Я также топал в том строю, был только адресом и ником, и
слушал песни, что поют глухим отряды безъязыких...
...Нет ничего. Земля пуста. И только светят мониторы в бескрайних
видеомостах вдоль бесконечных коридоров, где перемножен
дубликат – модель загадочного рынка... Оригинал – давно распят, и
стал в сети одним из линков.
...И если хочешь – расскажи, как много ставилось на карту. Как
подбирались типажи, чтоб соответствовали старту ночных фантазий,
бегуны, и как стрелял из револьвера лихой судья с той
стороны ненаступившей новой эры, в которой падал белый снег на
нарисованной странице, и начинали свой забег, чтоб никогда не
возвратиться, беспечно брошенные дни, на откуп отданные
секте, тех, кто ночами жжёт огни и всё мечтает о коннекте.

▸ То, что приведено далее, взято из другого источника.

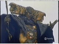 Close on Master Vile, talking to our upper right, motioning staff about, clenching fist and raising it up. |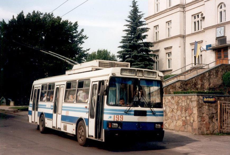 Новенький 199 брав участь в урочистому відкритті тролейбусної лінії на Гаразджу 23 серпня 1997 р.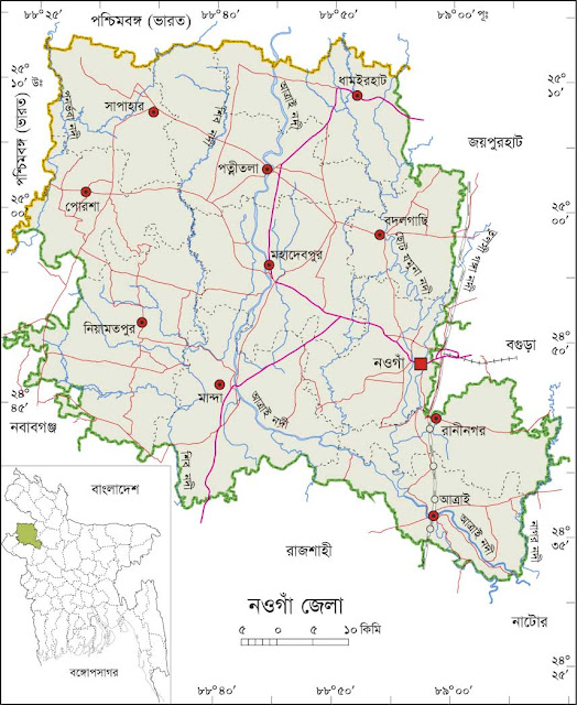 The district town Naogaon is bifurcated by the river little Jamuna, a branch river Atrai. The town located at 24.90°N 88.75 °E. Naogaon district was one of the Sub-divisions of former Rajshahi district of Bangladesh. Naogaon, a part of greater Rajshahi district was upgraded to Zila 1st March of 1984. It is bounded on the north by India, on the East by Bogra and Joypurhat districts, on the south by Rajshahi and Natore districts and on the west by Chapai Nawabganj district and India. The naming of the district town is a peculiar history. It is believed that the name "Naogon" was named after the two words "Nao" and "Gaon". In Bengali Nao means new and Gaon means village. So Naogaon is believed to be comprised of the then nine new villages. The district people are well known for their roles in the war of Liberation. Shahid Major Najmul Haque was appointed as the Wing Commander of No. 7 East Pakistan Rifles (EPR) wing at Naogaon Mahokuma at the beginning of March of 1971. He declared Naogaon as of a part of Independent Bangla and organized a battalion comprising with soldiers of EPR and volunteers. As the commander of that battalion, he took position at military camp at Bogra city after defeating Pakistan soldiers. Noted institutions: Naogaon K.D High School (1884),Naogaon Zila School(1917), Raja Haranath High School (1990), Kaligram Rabindranath Institute (1910), ChakAthita High School(1914), Chakla High School (1916), Kritipur High School (1921), Sharbamanal High School (1921), Paramohan Girl's High School (1909), Central Girl's High School (1926), Naogaon Girl's High School (1948), Basiruddin Memorial Co operative College (1946). Annual temperature: maximum 37.8℃ and minimum 11.2℃ annual rainfall 1862 mm.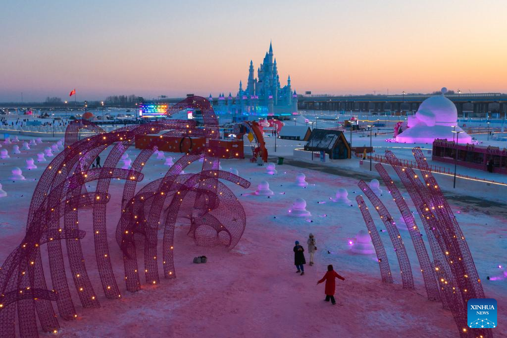 Tourists view ice-made art installations at a park in Changchun, northeast China's Jilin Province, Jan. 5, 2026. Changchun has set up a variety of distinctive ice and snow landscapes throughout urban areas this winter to lure tourists and encourage consumption. (Xinhua/Yan Linyun)

...И если хочешь – будь собой. А хочешь – мною. Всё неважно. Мы
проиграли этот бой – забиты в склеп многоэтажный, типичный
брежневский барак – не лучше сталинских бараков, и тут, и там –
сейчас аншлаг под скачки знаков зодиака. Мы бестелесны и
равны, и отголосок мезозоя на фоне вялой тишины одарит каждого
шизою, и я проснусь, но тот же сон – он не отпустит, не
отстанет – среди античности колонн, на голубом телеэкране, мне
говорит про то, что жив, и ухмыляется старуха:
– Теракт в столице. Сильный взрыв. – и еле слышно: – Блин, непруха...
И скалит мокрый красный рот:
– Вчера спецслужбы расстреляли врагов, что целились в народ,
стрелявшим дали по медали...
...Без изменений, тот же текст, что я выслушивал когда-то, но он
помечен словом «next» и позазавтрашнею датой...

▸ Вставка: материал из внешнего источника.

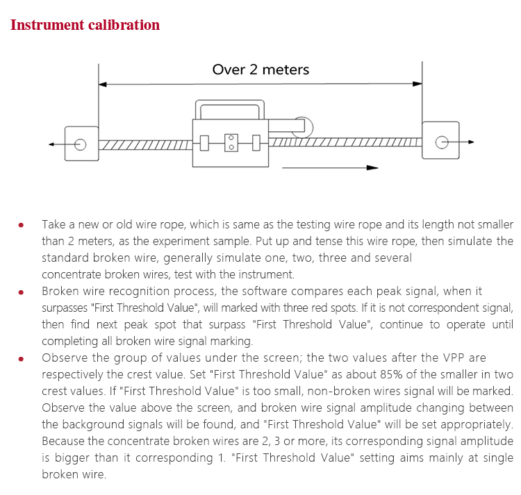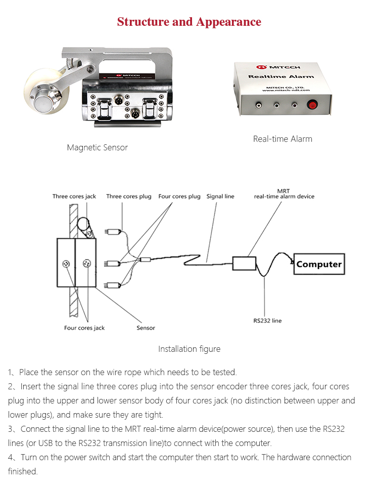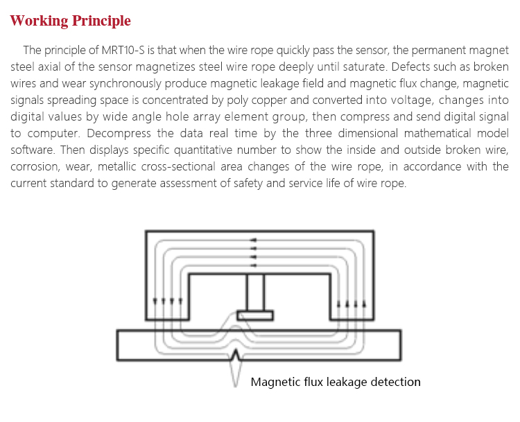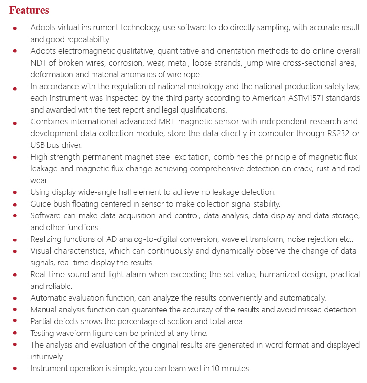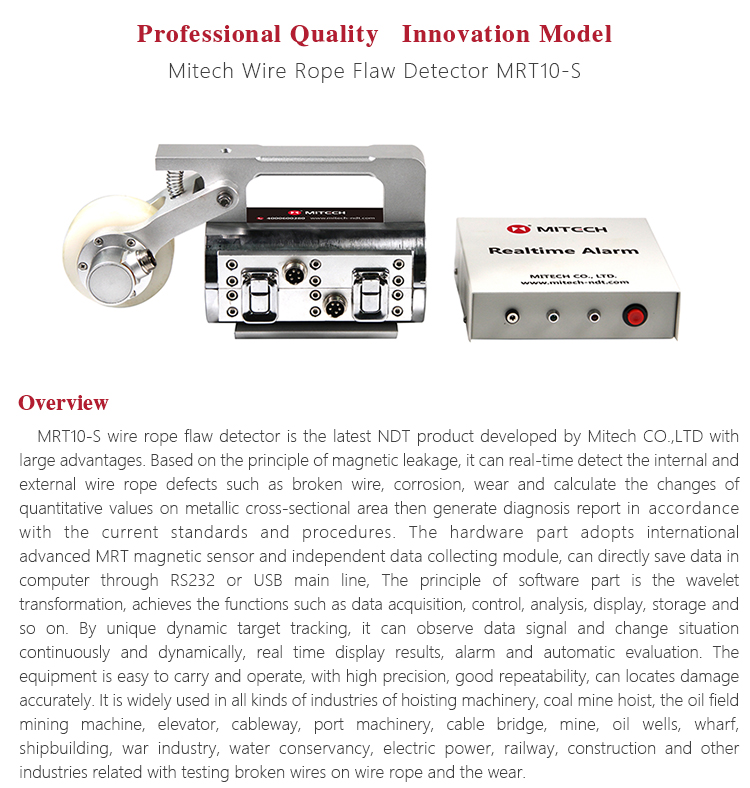 MRT10-S wire rope flaw detector is the latest NDT product developed by Mitech CO.,LTD. Based on the principle of magnetic leakage, it can real-time detect the internal and external wire rope defects such as broken wire, corrosion, wear and calculate the changes of quantitative values on metallic cross-sectional area then generate diagnosis report in accordance with the current standards and procedures. The hardware part adopts international advanced MRT magnetic sensor and independent data collecting module, can directly save data in computer through RS232 or USB main line, The principle of software part is the wavelet transformation, achieves the functions such as data acquisition, control, analysis, display, storage and so on. By unique dynamic target tracking, it can observe data signal and change situation continuously and dynamically, real time display results, alarm and automatic evaluation. The equipment is easy to carry and operate, with high precision, good repeatability, can locate damage accurately. It is widely used in all kinds of industries of hoisting machinery, coal mine hoist, the oil field mining machine, elevator, cableway, port machinery, cable bridge, mine, oil wells, wharf, shipbuilding, war industry, water conservancy, electric power, railway, construction and other industries related with testing broken wires on wire rope and the wear.
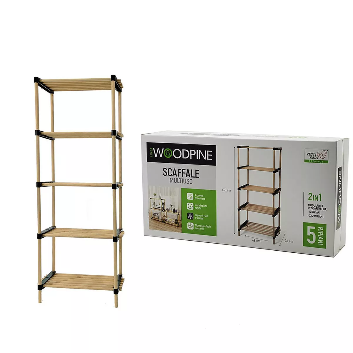 Ραφιέρα Επιδαπέδια Αρθρωτή Με 5/3+2 Ράφια Φυσικό Ξύλο 48x28x130cm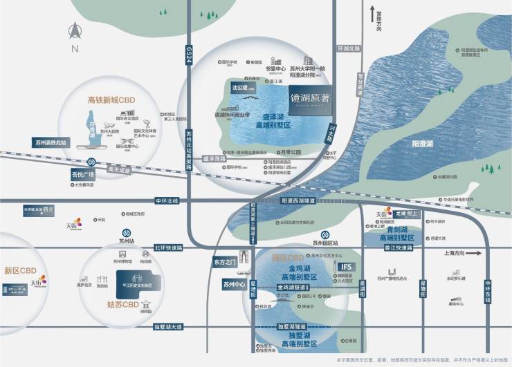自驾:紧邻苏州北站高架、苏台高速、常台高速,阳澄湖第三隧道(预计2025年完工)通车后可快速抵达苏州中心

...И всё забыть. И навсегда. Ночь, эфемерным, но – покоем по окнам
плещет как вода, мы озабочены строкою, и рукописный сладкий
яд разлит в пылающей тетрадке...
...А говорили – «...не горят».
...Горят.
...И даже без остатка.
***
За рекою, за рекой, в поле у обрыва конь пасётся вороной, встряхивая гривой, никогда не знал узды да хозяйской плети... ...Смотрят с неба три звезды, степью бродит ветер. Как у первой, у звезды, взгляд – шальное пламя, где сгорают все мосты - где-то там, за нами. Не вернуться ни на шаг в то, что раньше было, поперёк пути овраг - братская могила. Взгляд второй звезды – тоска, то, что не случилось, верил, маялся, искал не жалея силы, да подался за моря, где любовь скучает, только оказалось зря, та любовь – чужая. А у третьей – странный взгляд, холоден и ярок, и горит вдали закат, и чадит огарок то ли жизни, то ли дня, то ли сна о чём-то... ...Я пошёл седлать коня, да попал в болото. Заблудился и увяз в будничной трясине... Господи, пресветлый Спас, что ли на осине ладить скользкую петлю, пить ли до упада... ...Дай мне ту, кого люблю, а других – не надо. ...За рекою, за рекой, отцветает лето, ускакал мой вороной потерялся где-то...Летучий Голландец
Между прошлым и будущим – час тишины, больше некуда плыть, но не плыть не умею, подгоняет восход шелест пенной волны и летит мой фрегат, где матросы на реях после бунта последнего мирно висят, а над ними полощется рваное знамя, боцман курит траву и лет двадцать назад в трюме крысам скормил и рассудок, и память. Капитан постарел, целый день хлещет ром, даже думать забыл про волшебные страны, лоцман списан на берег, уволен старпом на последней стоянке в порту Зурбагана. И потеряна цель, и сломался компас, равнодушное небо хихикает в тучи, когда спьяну в тавернах болтают про нас и корабль называют Голландцем Летучим...
крематорий
Качался в шёлковой петле, язык распухший набок свесив, день,
проведённый на земле среди толпы подземных бесов. Дышал
спокойствием закат, как и положено в финале – под деловитый стук лопат
могилу быстро закопали. Бубнило время нараспев, утыкав всё
вокруг свечами, как заклинание:
– Посев взойдёт бессонными ночами...
Пробьётся поросль – грехи. Грехи отпустит отче Киев – пустопорожние
стихи, что как ни бейся – не такие, какими надо бы им быть –
слова не те, и бесполезны, и снова смысла рвётся нить, и
балансирует над бездной рассудок. Может быть и я – безумьем
вспыхну на прощанье, уйдя из круга бытия, определившего
сознанье.
...Который год зима гниёт и оплывает мутной жижей, не отличаясь от
болот, газоны с чахлою и рыжей давно погибшею травой,
напоминают – всё впустую. И жизнь останется вдовой, усвоив истину
простую: здесь можно рвать остатки сил или валяться на
диване, но мира нет. И ты – не жил. И не рождался. И в тумане
блеснёт стеклянностью стена всегда холодного кристалла... И до
сих пор не рождена причина, давшая начало всему тому, что
видишь ты, закрыв глаза, себя не помня в плену удавки-темноты
под потолком одной из комнат. Одной из тех, пустых, квартир,
что никогда не станут домом, в них повседневностью до дыр
затёрты лица незнакомых, что молча сгинули в тени и, с
наступившей тишиною, я понял то, что и они отныне тоже будут мною.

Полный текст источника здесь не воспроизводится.